Ben Stiller admired his parents’ relationship

Even when Jerry lost Meara, they had been together more than six decades. Ben admired his parents, especially when he got to see them work in person. 

Ben Stiller's Parents
Jerry Stiller and Anne Meara | Walter McBride/Corbis via Getty Images

“My dad and my mom, they were such a unit together,” Stiller told Fallon. “They just had this amazing chemistry and were married for 60+ years and worked together their whole lives. To watch them do their thing together, the way he was always funny, he wasn’t really trying to be funny. He wanted to be funny but he wouldn’t go for a laugh. He would just be himself.”

Jerry Stiller and Anne Meara go back to the ’50s

Jerry and Meara were an item in the 1950s and they married. The Stiller and Meara comedy act began a decade later. 

Jerry Stiller and Anne Meara | Walter McBride/Corbis via Getty Images

“They started out in the late ’50s,” Stiller said. “They got married in 1953. I think they started doing their act around 1960 to try to make money because they were both starving actors.”

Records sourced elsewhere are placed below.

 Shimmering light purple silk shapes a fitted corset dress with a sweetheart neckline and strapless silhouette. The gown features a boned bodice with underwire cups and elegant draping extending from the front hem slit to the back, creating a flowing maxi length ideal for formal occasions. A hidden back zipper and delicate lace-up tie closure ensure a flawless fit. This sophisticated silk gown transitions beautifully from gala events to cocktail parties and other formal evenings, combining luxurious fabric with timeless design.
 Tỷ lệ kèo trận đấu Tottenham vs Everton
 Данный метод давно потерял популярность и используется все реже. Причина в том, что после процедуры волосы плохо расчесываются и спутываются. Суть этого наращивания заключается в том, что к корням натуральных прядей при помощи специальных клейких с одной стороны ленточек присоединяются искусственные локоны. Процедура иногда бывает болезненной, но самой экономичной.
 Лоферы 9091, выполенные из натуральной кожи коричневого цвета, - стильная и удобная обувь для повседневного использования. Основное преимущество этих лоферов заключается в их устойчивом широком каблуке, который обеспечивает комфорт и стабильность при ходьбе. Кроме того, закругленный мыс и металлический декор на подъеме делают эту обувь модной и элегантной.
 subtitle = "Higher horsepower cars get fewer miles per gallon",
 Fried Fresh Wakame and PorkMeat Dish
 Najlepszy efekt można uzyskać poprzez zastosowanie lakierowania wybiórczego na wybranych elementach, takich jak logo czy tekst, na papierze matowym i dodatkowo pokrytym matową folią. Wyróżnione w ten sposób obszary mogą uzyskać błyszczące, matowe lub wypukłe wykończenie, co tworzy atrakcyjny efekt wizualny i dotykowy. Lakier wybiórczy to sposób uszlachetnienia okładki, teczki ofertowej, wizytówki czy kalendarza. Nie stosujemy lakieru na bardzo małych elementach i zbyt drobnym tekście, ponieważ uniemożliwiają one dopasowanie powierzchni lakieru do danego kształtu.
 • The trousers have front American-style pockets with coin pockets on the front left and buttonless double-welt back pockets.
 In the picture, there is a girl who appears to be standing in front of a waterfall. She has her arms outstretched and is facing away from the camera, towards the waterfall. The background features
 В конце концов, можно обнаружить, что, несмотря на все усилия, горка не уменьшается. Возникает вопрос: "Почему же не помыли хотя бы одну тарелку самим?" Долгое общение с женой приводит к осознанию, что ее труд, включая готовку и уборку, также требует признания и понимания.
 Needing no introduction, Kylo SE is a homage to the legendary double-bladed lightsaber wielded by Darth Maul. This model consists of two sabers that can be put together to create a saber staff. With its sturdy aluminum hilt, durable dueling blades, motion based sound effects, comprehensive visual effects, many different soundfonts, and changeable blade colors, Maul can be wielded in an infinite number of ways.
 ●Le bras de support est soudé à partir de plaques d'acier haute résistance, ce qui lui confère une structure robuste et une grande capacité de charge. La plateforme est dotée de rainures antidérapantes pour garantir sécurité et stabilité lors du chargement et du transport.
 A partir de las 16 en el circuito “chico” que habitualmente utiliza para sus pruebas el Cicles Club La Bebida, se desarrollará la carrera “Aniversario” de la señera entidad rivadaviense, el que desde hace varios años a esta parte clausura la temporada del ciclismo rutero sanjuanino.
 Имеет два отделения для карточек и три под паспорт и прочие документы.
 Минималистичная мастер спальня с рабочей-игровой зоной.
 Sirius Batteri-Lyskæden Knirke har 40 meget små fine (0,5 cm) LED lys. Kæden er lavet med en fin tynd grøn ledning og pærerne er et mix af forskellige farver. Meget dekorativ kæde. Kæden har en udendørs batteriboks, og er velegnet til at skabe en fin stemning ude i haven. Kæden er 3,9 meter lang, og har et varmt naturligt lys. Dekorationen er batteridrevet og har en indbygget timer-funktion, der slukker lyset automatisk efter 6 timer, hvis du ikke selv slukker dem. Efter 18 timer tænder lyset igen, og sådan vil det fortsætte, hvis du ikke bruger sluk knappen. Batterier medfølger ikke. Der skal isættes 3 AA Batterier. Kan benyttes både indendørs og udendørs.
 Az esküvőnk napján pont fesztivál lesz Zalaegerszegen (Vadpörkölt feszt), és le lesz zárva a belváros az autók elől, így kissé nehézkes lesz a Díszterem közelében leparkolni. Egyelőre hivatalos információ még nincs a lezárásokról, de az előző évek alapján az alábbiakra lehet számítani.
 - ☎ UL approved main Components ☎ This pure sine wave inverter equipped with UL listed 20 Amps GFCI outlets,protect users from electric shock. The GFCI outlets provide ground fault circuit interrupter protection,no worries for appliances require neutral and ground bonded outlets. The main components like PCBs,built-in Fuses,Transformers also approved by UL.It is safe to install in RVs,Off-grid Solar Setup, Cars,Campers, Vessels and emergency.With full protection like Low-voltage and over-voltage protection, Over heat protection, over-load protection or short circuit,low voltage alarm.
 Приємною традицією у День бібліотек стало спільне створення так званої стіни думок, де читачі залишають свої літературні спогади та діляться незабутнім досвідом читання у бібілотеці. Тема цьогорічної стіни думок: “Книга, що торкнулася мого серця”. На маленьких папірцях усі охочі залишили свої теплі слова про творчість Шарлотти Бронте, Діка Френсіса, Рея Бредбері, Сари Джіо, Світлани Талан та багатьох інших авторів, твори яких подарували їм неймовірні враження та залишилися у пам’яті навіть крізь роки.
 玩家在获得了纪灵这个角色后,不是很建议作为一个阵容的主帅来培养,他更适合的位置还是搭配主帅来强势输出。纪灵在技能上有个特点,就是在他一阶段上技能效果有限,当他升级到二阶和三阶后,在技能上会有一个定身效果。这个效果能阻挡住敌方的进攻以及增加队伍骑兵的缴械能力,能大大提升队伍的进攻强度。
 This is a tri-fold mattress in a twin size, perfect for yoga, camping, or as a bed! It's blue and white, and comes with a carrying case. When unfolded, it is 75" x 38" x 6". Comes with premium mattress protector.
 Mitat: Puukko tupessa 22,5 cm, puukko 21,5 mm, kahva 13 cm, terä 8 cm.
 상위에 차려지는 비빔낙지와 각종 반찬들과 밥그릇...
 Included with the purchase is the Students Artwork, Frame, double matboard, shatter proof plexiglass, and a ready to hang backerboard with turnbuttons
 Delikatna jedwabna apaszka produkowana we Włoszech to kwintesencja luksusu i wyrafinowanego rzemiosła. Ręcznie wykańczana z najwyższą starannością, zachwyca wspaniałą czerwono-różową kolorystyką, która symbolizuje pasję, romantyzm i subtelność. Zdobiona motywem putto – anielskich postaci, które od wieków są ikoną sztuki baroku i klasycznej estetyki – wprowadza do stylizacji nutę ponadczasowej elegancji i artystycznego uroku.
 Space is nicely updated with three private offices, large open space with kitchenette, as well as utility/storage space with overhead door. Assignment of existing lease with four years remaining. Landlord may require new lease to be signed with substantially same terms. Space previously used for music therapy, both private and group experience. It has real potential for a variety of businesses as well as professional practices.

Comedy was Jerry Stiller’s idea 

Ben says his father was the one pushing for them to be a comedy act. Meara had aspirations for drama, which she still got to do.

Stiller and Meara's star
Jerry Stiller and Anne Meara’s star on the Hollywood Walk of Fame | Jason LaVeris/WireImage

“My dad always wanted to do comedy,’ Stiller said. “My mom never really did. She was a serious actress. My dad dragged her into it and of course she was brilliant at it. It always stressed her out.”

The Stillers landed primo gigs

When Stiller and Meara were on the scene, The Ed Sullivan Show was the primo gig for a comedian, like The Tonight Show became. Sullivan kept inviting them back. 

The Tonight Show
The Tonight Show | NBCUniversal

“They’d go on The Ed Sullivan Show which was huge, 30 million people watching,” Stiller said. “He had to invite you back the next week so there was always that pressure, every time they went on. They did it 35 times, something like that.” 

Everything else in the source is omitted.